America’s yellow press howled with indignation, with leading US newspapers condemning the findings and making personal attacks against committee member Peter Daszak, the most vocal opponent of the conspiracy theory within the scientific community.

Under relentless pressure from the US State Department, which officially endorses the conspiracy theory, the World Health Organization disbanded its committee into the origins of the disease and formed a new one: The Scientific Advisory Group for the Origins of Novel Pathogens (SAGO).

That group published its preliminary report Thursday. In the period between the reports, the evidence of zoonotic origins of COVID-19 has only grown, with the identification of coronaviruses that are extremely similar to COVID-19 in the wild, and more information tying the initial outbreak to the Huanan wet market, which carried out a significant trade in wild animals.
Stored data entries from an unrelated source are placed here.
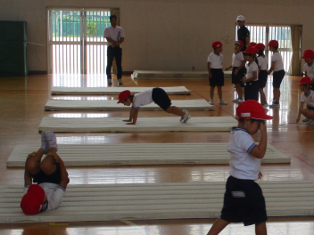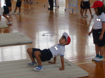 • 1年生の体育、「マットランドでどうぶつにへんしん!」の授業が行われました。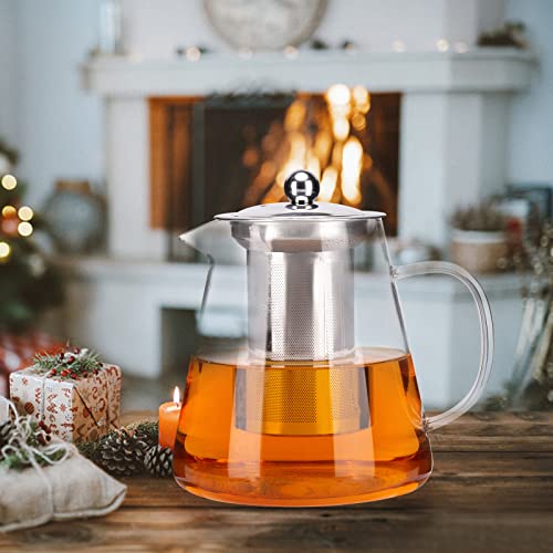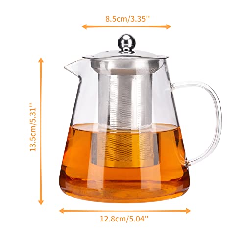 VINILITE Teiera in Vetro 950 ml Teiera in Vetro con Infusore in Acciaio inox 304 e Coperchio, Microonde Sicuro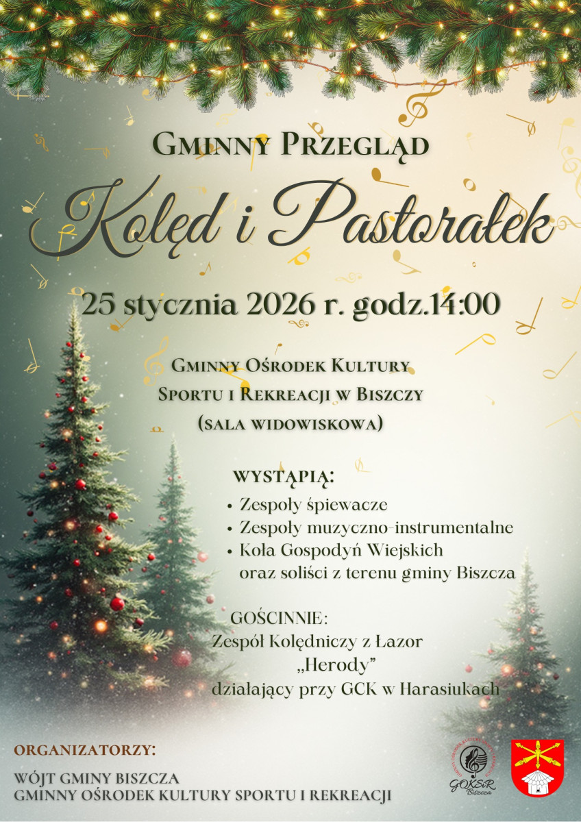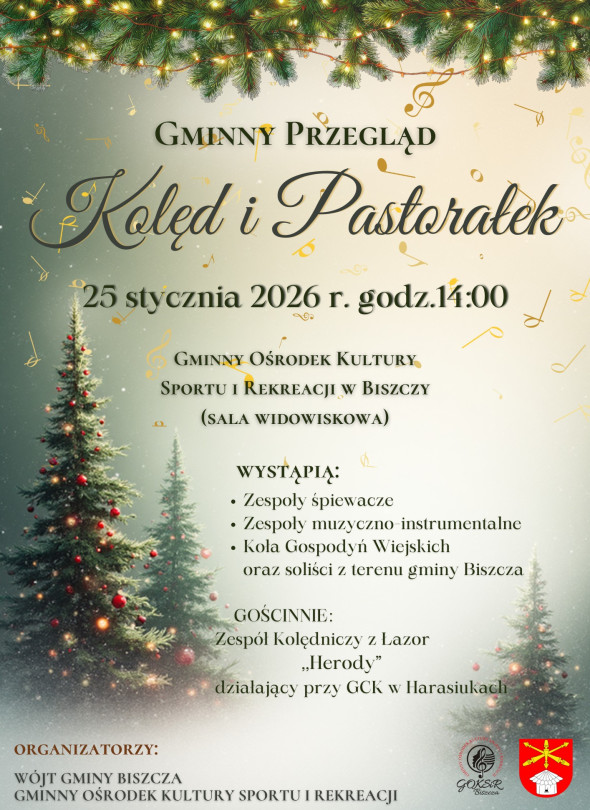 25 stycznia 2026 roku w Biszczy odbędzie się wspólne kolędowanie. Wydarzenie rozpocznie się o godzinie 14:00 w Gminnym Ośrodku Sportu i Rekreacji.

There has, at the same time, been no new evidence to indicate a laboratory origin of COVID-19, adding to the nonexistent prior evidence, bringing the total evidence supporting the conspiracy theory to zero.
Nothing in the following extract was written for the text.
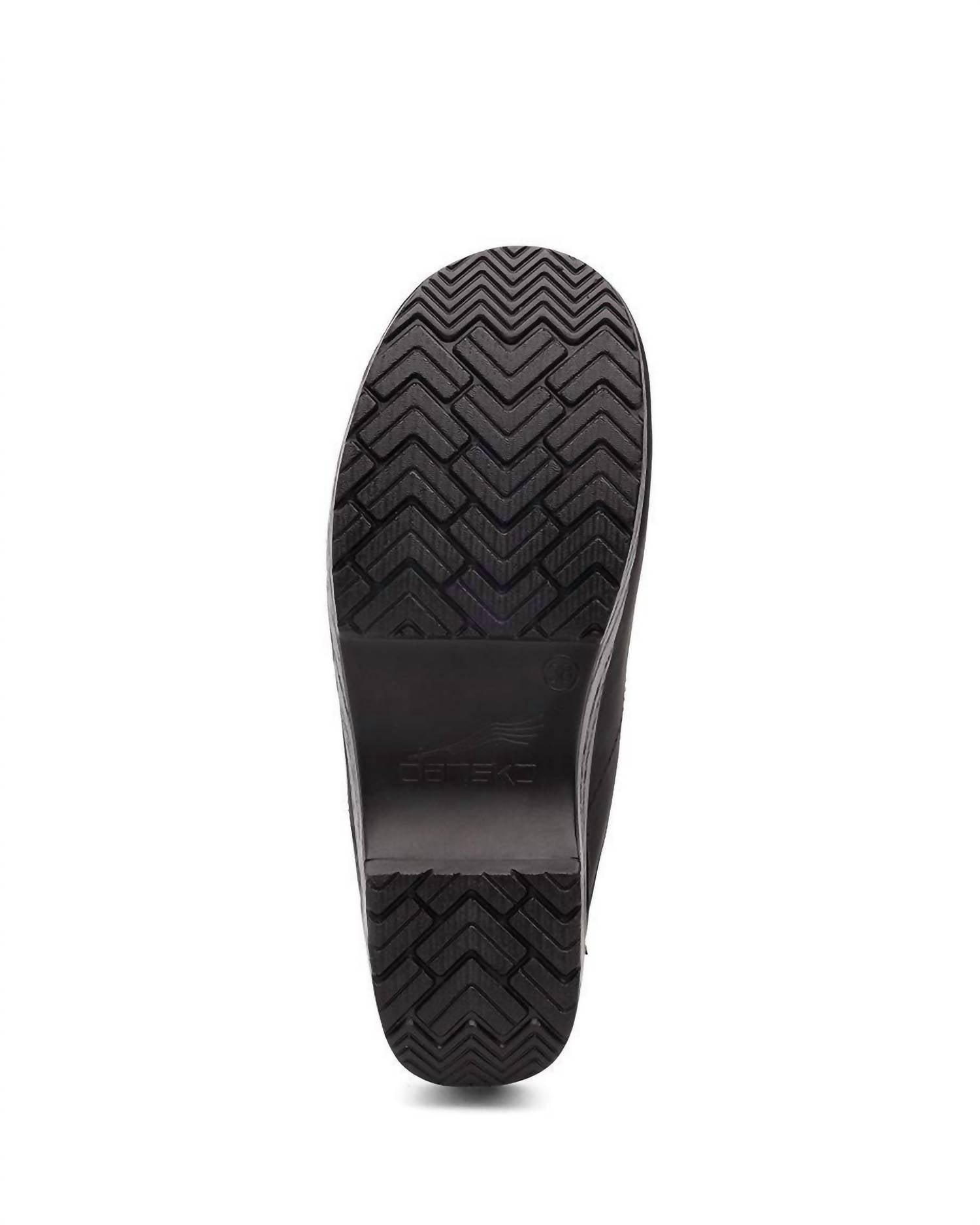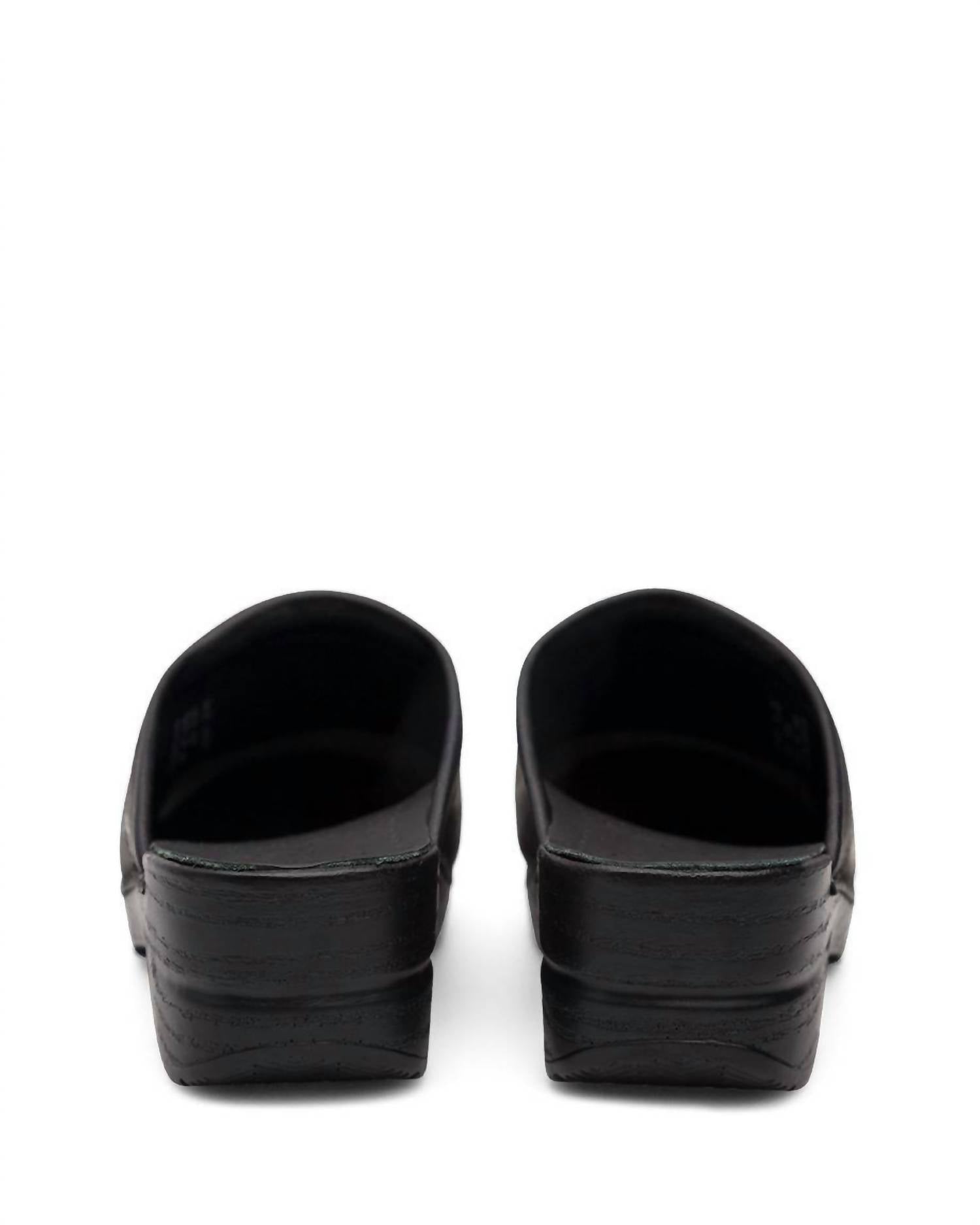 Stylish, comfy, and versatile. We can't find anything wrong with these. Featuring a roomy reinforced toe box, the Women's Sonja Clog Shoes by Dansko are designed for women seeking comfort and style. Crafted with an anatomically contoured PU midsole and a padded instep collar, these clogs offer stability and support with every step. The open-back design and anti-fatigue rocker bottom enhance forward motion, making them perfect for a minimalist spring look or a festive Thanksgiving dinner party. Made from oiled leather in a classic black, these mules boast an almond toe shape and a platform heel.

Reflecting this reality, the SAGO report concludes, “At the present time, currently available epidemiological and sequencing data suggest ancestral strains to SARS-CoV-2 have a zoonotic origin with the closest genetically related viruses being beta coronaviruses, identified in Rhinolophus bats in China in 2013 (96.1%) and Laos in 2020 (96.8%).”
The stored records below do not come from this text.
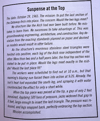 Although the story currently stands on two solid legs – the beginning and the ending – the middle is still a big question mark. In theory, it should work but, in my mind and on a MUCH smaller scale, it’s like I’m plummeting toward the moment below; this from City-Smart Guidebook: St. Louis (1998, Avalon Travel Publishers) by Jody Feldman (yep, that’s me, too).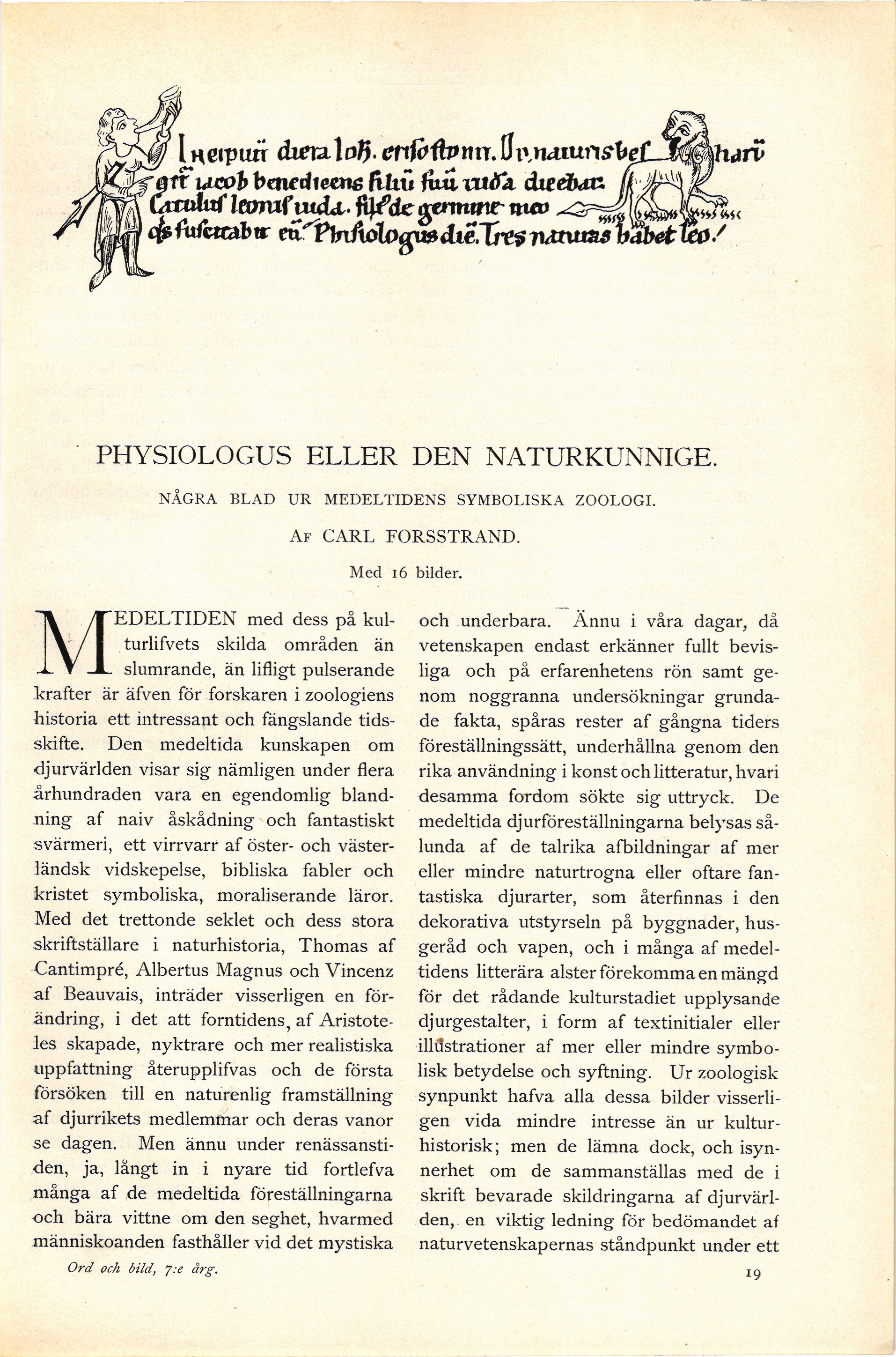 NÅGRA BLAD UR MEDELTIDENS SYMBOLISKA ZOOLOGI.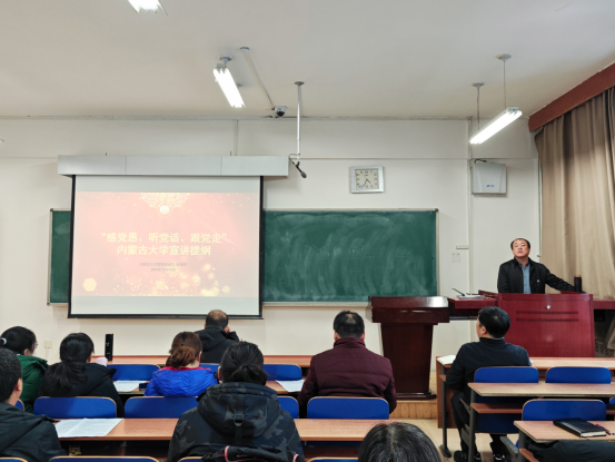 集团宣讲团成员、公司副经理赵国军进行了“感党恩、听党话、跟党走”主题宣讲,从深刻领会把握“五句话”的事实和道理、深切领会体悟习近平总书记对内蒙古的关怀厚爱和期望重托等方面进行了全面阐释,并结合团队建设和专业特色介绍公司贯彻落实《国务院关于推动内蒙古高质量发展奋力书写中国式现代化新篇章的意见》的具体举措。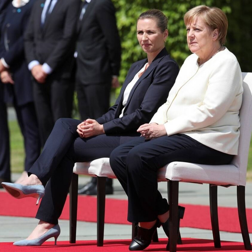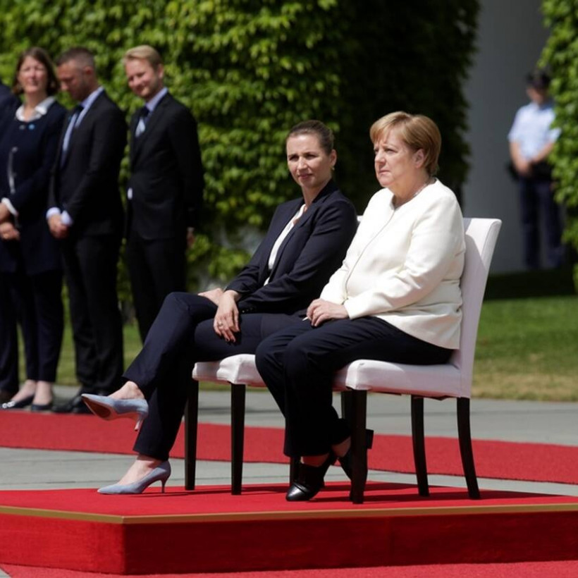 Η Δανή πρωθυπουργός Μέτε Φρέντρικσεν κάθισε δίπλα στη Μέρκελ κατά την υποδοχή με στρατιωτικές τιμές που της επιφυλάχθηκε στο Βερολίνο, πριν οι δύο γυναίκες βαδίσουν προς την καγκελαρία. Η Μέρκελ δεν φάνηκε να τρέμει και χαμογελούσε πλατιά.

It adds, “there has not been any new data made available to evaluate the laboratory as a pathway of SARS-CoV-2 into the human population.”

But while recognizing that new scientific findings have worked to refute the conspiracy theory, the SAGO, under relentless political pressure by the United States, declared, it “remains important to consider… the possibility of the introduction of SARS-CoV-2 into the human population through a laboratory incident.”

This assertion came despite the protests of three members of the Committee, who declared, “there is no new scientific evidence to question the conclusion of the WHO-convened global study of origins of SARS-CoV-2: China Part mission report published in March 2021.”

In other words, after the World Health Organization disbanded its team investigating the origins of COVID-19 under right-wing political pressure, removed all outspoken opponents of the conspiracy theory, and brought in figures sympathetic to the right-wing campaign, all the report could come up with was fundamentally the same conclusion as the earlier study: “At the present time, currently available epidemiological and sequencing data suggest ancestral strains to SARS-CoV-2 have a zoonotic origin.”

Commenting on the SAGO study, a source close to an earlier WHO-China joint study on the origins of COVID-19 observed, “even though they removed the alleged ‘conflicted’ members they still end up with the same conclusion!”

“The irony is, we had a window where China was supplying new data. The right wing pushed politically against the WHO team’s work, they disbanded the team, brought in a lab leak contingent, removed people who argued that there was no evidence and who were politically expedient and now have a report that is demanding lab info from China under a politically charged atmosphere, without any evidence to support that line of inquiry.”

The source added, “The Post piece simply adds to the politicization of this, and ironically will continue to keep the window closed for any real understanding of COVID origins.”

The Post’s promotion of the Wuhan Lab Lie is transparently political. Last month, US Secretary of State Anthony Blinken said in a major speech on US-China relations, “we will remain focused on the most serious long-term challenge to the international order—and that’s posed by the People’s Republic of China.”

He continued, “China is the only country with both the intent to reshape the international order and, increasingly, the economic, diplomatic, military, and technological power to do it.... We will defend our interests against any threat.”

The efforts of the Post to promote the Wuhan Lab Lie are aimed at stoking xenophobic hatred of China to promote the military aims of the United States. They must be rejected with the contempt they deserve.